What is the value added by DRM compared to encrypted streams?

It's a valid point. But there are quite a few differences, albeit not entirely obvious at first glance:

• "Real" DRM systems don't just deliver a content decryption key as AES-128 HLS does. They deliver what is usually called licenses, which in turn also contain a set of usage rights, such as for example an expiry date (useful for rentals), or the ability to play through HDMI, or a constraint on the max resolution you're allowed to watch, and more.
• Real DRM systems typically allow offline storage of licenses, which is useful in those scenarios where playback can also happen offline, or those online cases where you have to maintain state (such as rentals, if for example you play the movie in separate watching sessions).
• Real DRM systems require individualization, meaning that the local license database is cryptographically bound to the device on which it was created. This is to prevent situations where user A obtains legally a valid usage license for content X, and then trivially posts the license database on BitTorrent for everyone to use. User A can do that, but the database is unusable for everyone else.
• Real DRM systems allow revocation, meaning that -- since each device has a cryptographically unique identity -- if a device (or, more likely, a class thereof) is detected to be rogue, then it can be earmarked as unable to obtain future licenses.
• Licenses are signed, meaning that one cannot tamper with one while in transit over HTTP, in order perhaps to extend his rental period or to allow HDMI playback where it was not originally allowed.
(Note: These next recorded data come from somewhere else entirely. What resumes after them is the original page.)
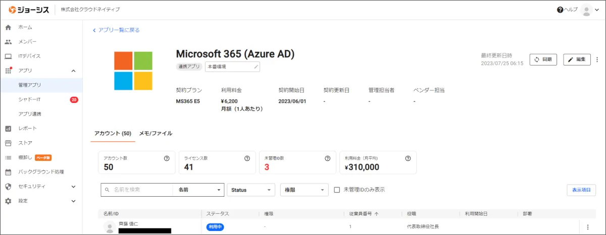 続いて、ジョーシス目玉機能の1つでもある「アプリごとの利用状況の可視化」機能についてご紹介します。この機能を使うと、アプリ(SaaS)上に存在するシステムアカウントや検証アカウントの利用者を明らかにし、”利用者不明” という恐怖・ストレスから情報システム管理者を解放してくれます。
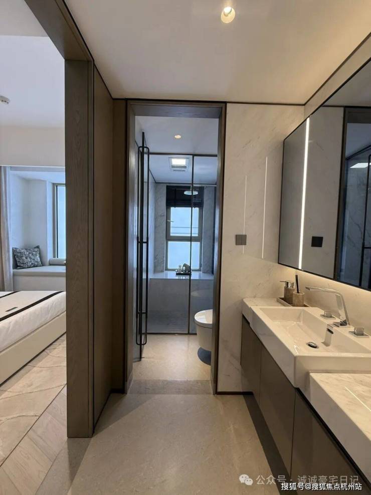 厨卫方面,西厨定制高柜,容纳嘉格纳蒸烤一体机、嘉格纳双开门冰箱、洗手台以及各类收纳空间;中厨自带嘉格纳灶具、油烟机和洗碗机。主卫配置劳芬台盆、浴缸和独立卫浴洁具空间、独立淋浴空间配备当代的花洒,顶部有松下暖风机,还配置了电热毛巾架。
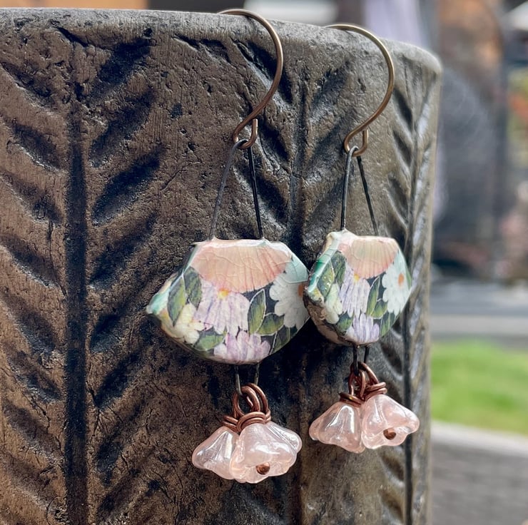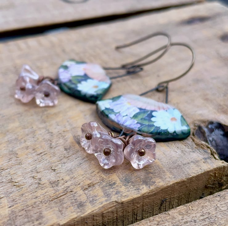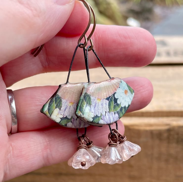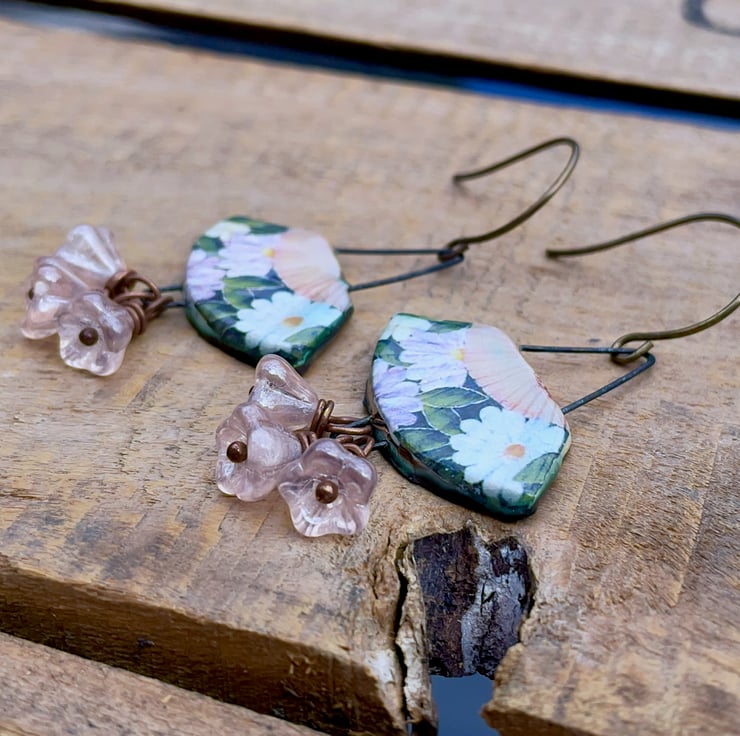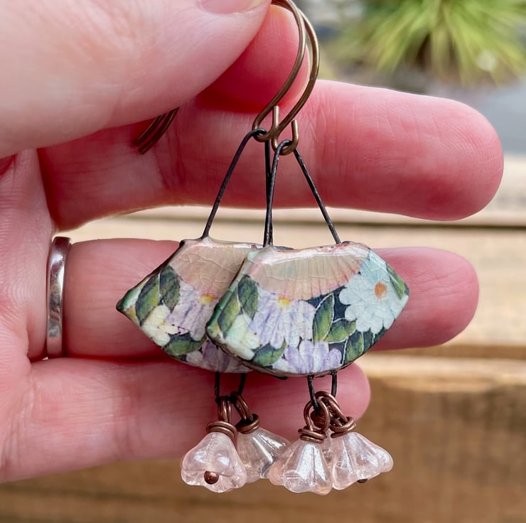 Each pair features fan-shaped ceramic charms created by bead artist Petra Carpreau, decorated with a vintage-inspired floral decal on the front and finished with a soft iridescent glaze on the back.
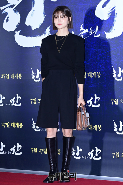 배우 박정화가 26일 오후 서울 송파구 롯데시네마 월드타워점에서 열린 영화 '한산:용의 출현(감독 김한민)' VIP시사회에서 포즈를 취하고 있다.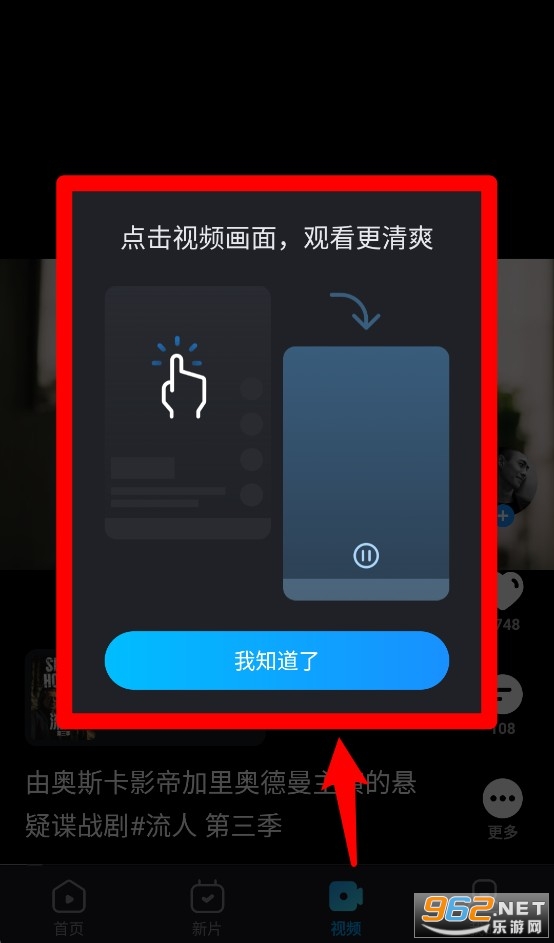 4、首次进入视频播放界面时,会弹出提示窗说明如何点击视频画面获得更清晰的观影体验。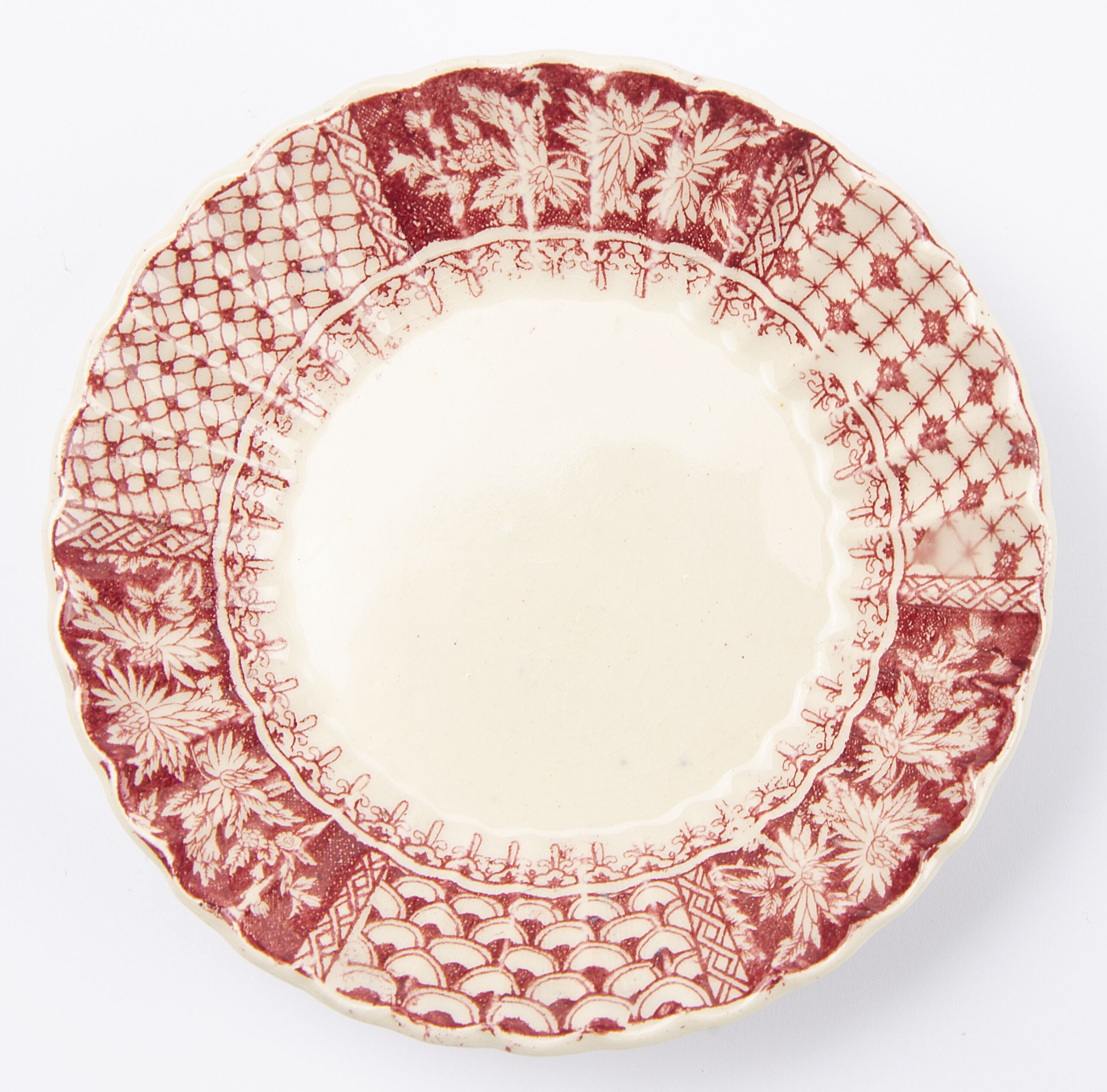 Englisches Sevice, Stoke on Trent, W.T.Copeland, beigefarbener Scherben, gewellte Wandung, transparent glasiert mit rotem Transferdruck-Dekor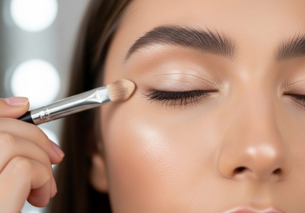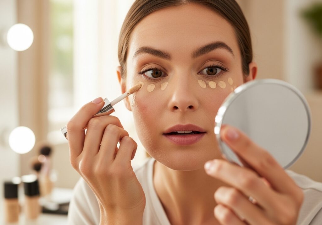 Concealing dark circles is essential for looking awake and refreshed. Apply a creamy concealer under your eyes, blending it gently into the skin. Highlight the inner corners of your eyes with a light shimmer to further brighten up your face.
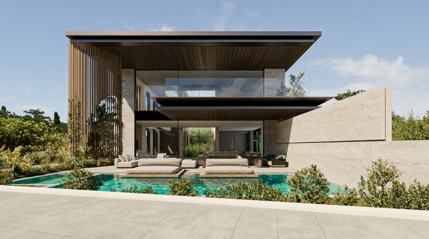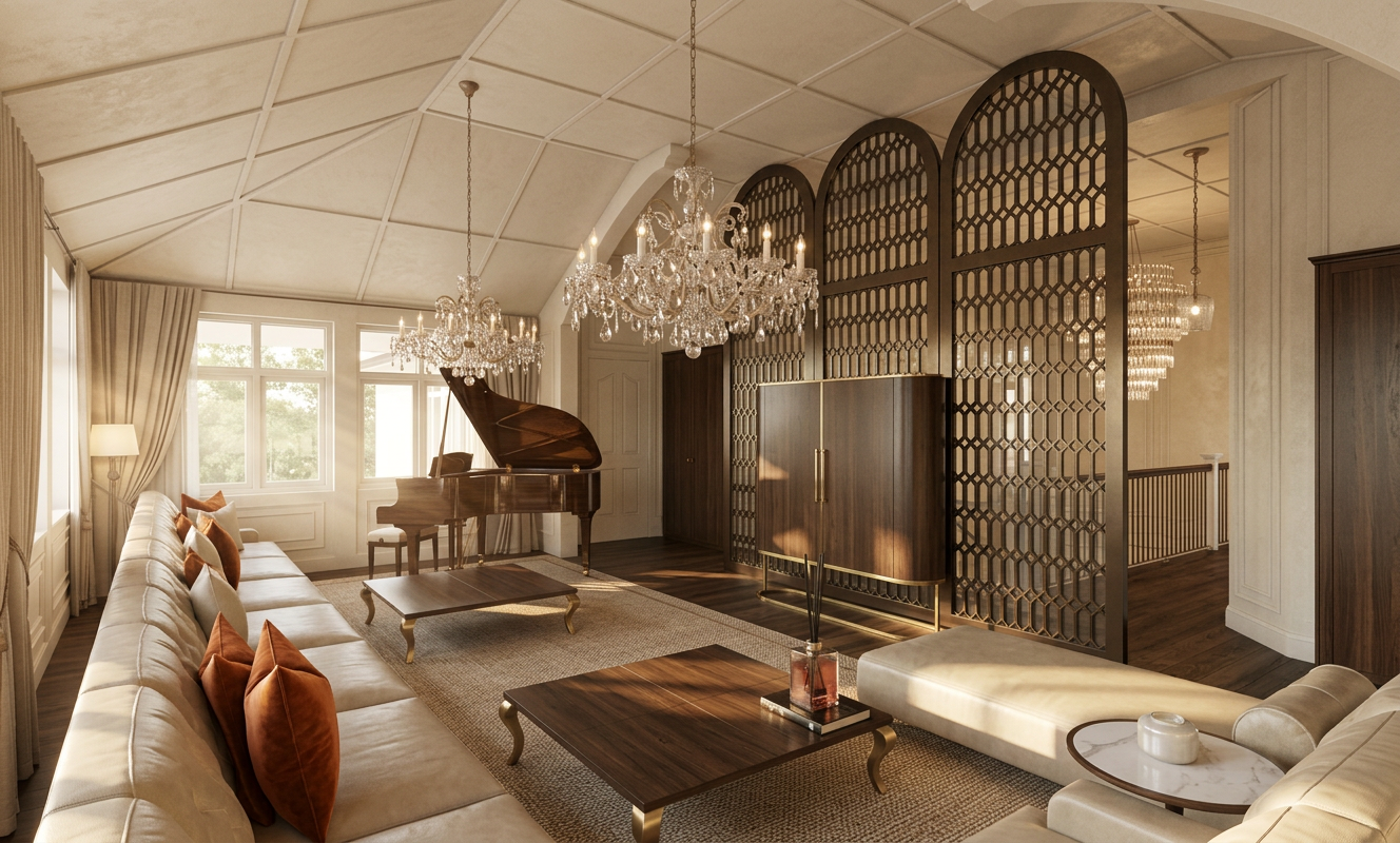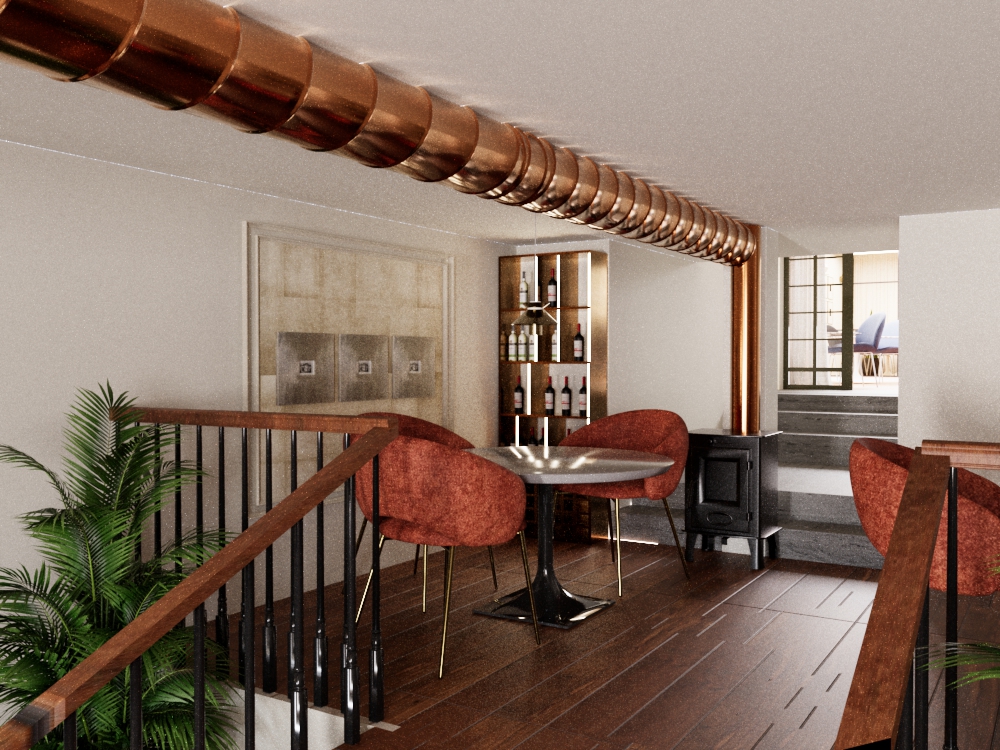 use the provided image as a fixed base maintain color mode preserve exactly the same geometry architecture camera position perspective proportions ceiling copper pipe stairs railings floor and furniture placement do not modify architecture layout or spatial configuration enhance the scene to create an ultra photorealistic luxury restaurant atmosphere all materials must appear high end refined and extremely realistic chairs must be upholstered in deep burnt terracotta velvet hyper realistic rich tactile fabric with visible velvet grain subtle sheen soft folds and natural light absorption not plastic or glossy the stair handrail must enhance the black metal vertical bars with a deeper refined matte black finish elegant metal texture and subtle realistic reflections the wine cellar structure must be in burnished dark metal brunito finish elegant and refined add integrated warm led lighting 2700k inside the wine display to create an intimate and dramatic wow effect enhancing bottle silhouettes and glass reflections without overexposure wall artworks must have soft integrated backlighting creating a refined halo glow around the frames the table must be styled with a minimal chic luxury table setting elegant porcelain plates crystal glasses refined metallic cutlery linen napkins and subtle candles perfectly scaled and naturally arranged lighting must be warm cinematic and intimate with realistic shadows soft contrast and strong depth ultra photorealistic intimate elegant contemporary fine dining mood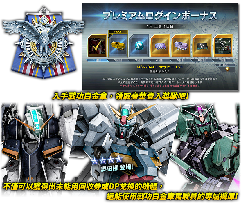 - ※獲領「戰功白金章」的隔天5:00AM<JST>之後,才能獲得豪華登入獎勵。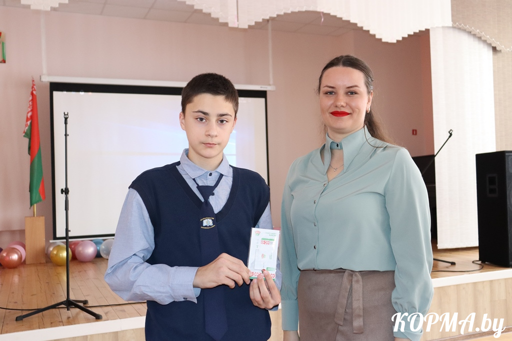 Первый секретарь РК ОО «БРСМ» Анастасия Шмурадко поздравила всех с предстоящим Днём Конституции Республики Беларусь и вручила членский билет вступившему в ряды организации Кириллу Гусленкову. Получение документа в преддверии столь важной даты стало особенно торжественным и памятным событием.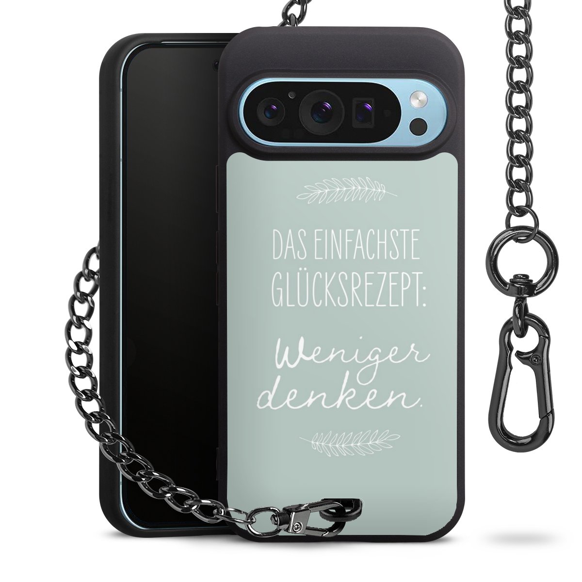 Die mattschwarze Silikon-Handyhülle besteht aus robustem TPU (thermoplastisches Polyurethan). Sie ist flexibel und schützt Dein Smartphone vor Stößen und Kratzern. Die Kette sowie der Karabinerhaken sind aus Metall in Gunmetal-Optik gefertigt. Für dieses Produkt kommen ausschließlich TÜV-geprüfte Materialien zum Einsatz.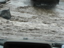 原因の一つは、基本乾燥気候だから排水設備が無いため、雨が降ると川が無いので至る所で出水し、道路が川になり土を削ってまう。
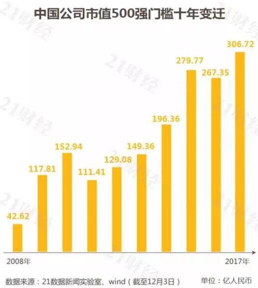 而進(jìn)入500強(qiáng)的市值門檻,從2008年12月的42.62億到最新的306.72億,劇增了6倍之多,明顯跑贏中國上市公司的增長速度。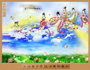 正法洪传谢师恩,救度众生苦劳心。弟子精進不懈怠,圆容大法报师恩。十五春秋正法路,天上世间魔难阻。万物皆为大法造,留下神话醒世人。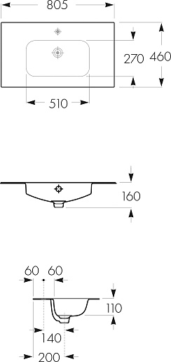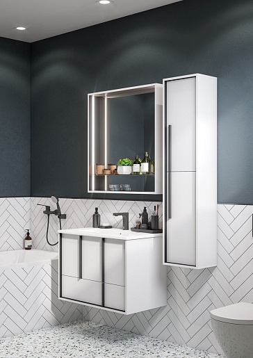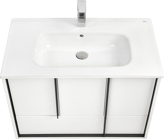 - Верхний ящик тумбы оснащен нажимной системой открывания Push-to-open.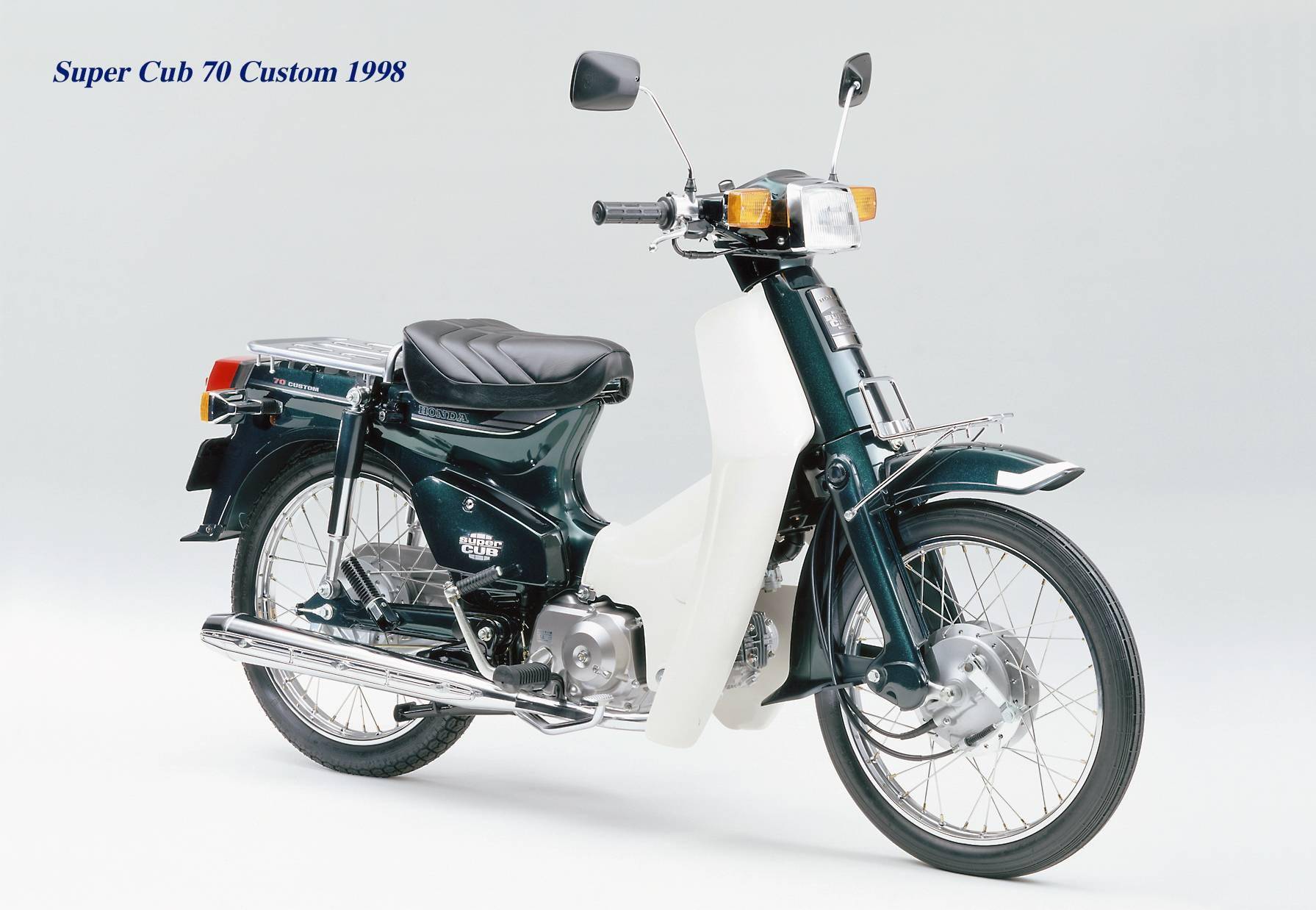 下面的圖片,從上世紀(jì)六十年代開始的 Super Cub “ 超級幼獸 ” 系列車型。

And there is more... Also, the above is what most commercial DRM systems have in common, but if you look at individual ones (PlayReady, Widevine, FairPlay, ...) you'll see they also have several individual characteristics that differentiate them from one another and from plain AES-128 HLS.

I can't really better @Guido Domenici answer, but the difference between AES-128 encryption and DRM is immense.

The most obvious example can be seen in the simplicity of ripping off an HLS AES-128 key. The User-agent (browser or app) has to fetch the key to decrypt the content. This is often given in the EXT-X-KEY HLS "header". A simple tcpdump or MiTM SSL proxy (with the certs trusted by the OS) can reveal the key in seconds. It's really no-more than an inconvenience.

In generic terms, with most modern DRMs, a secure plugin or low-level kernel module is responsible for raising a "Challenge Request", containing an identifier for the device, the content id and often a user token. The Challenge is passed, often via an event hook in the application, to the license server that will evaluate the request and on success, issue the decryption key in a signed and encrypted payload. The plugin or kernel module will receive the response and will decrypt the video/audio, passing the media back to the application.

Some DRM solutions also prevent screen recorders.

Another benefit of some DRMs, is that content is rarely completed encrypted and instead employs partial or sample encryption - enough to render the video and audio unplayable. This reduces the overhead required for decryption.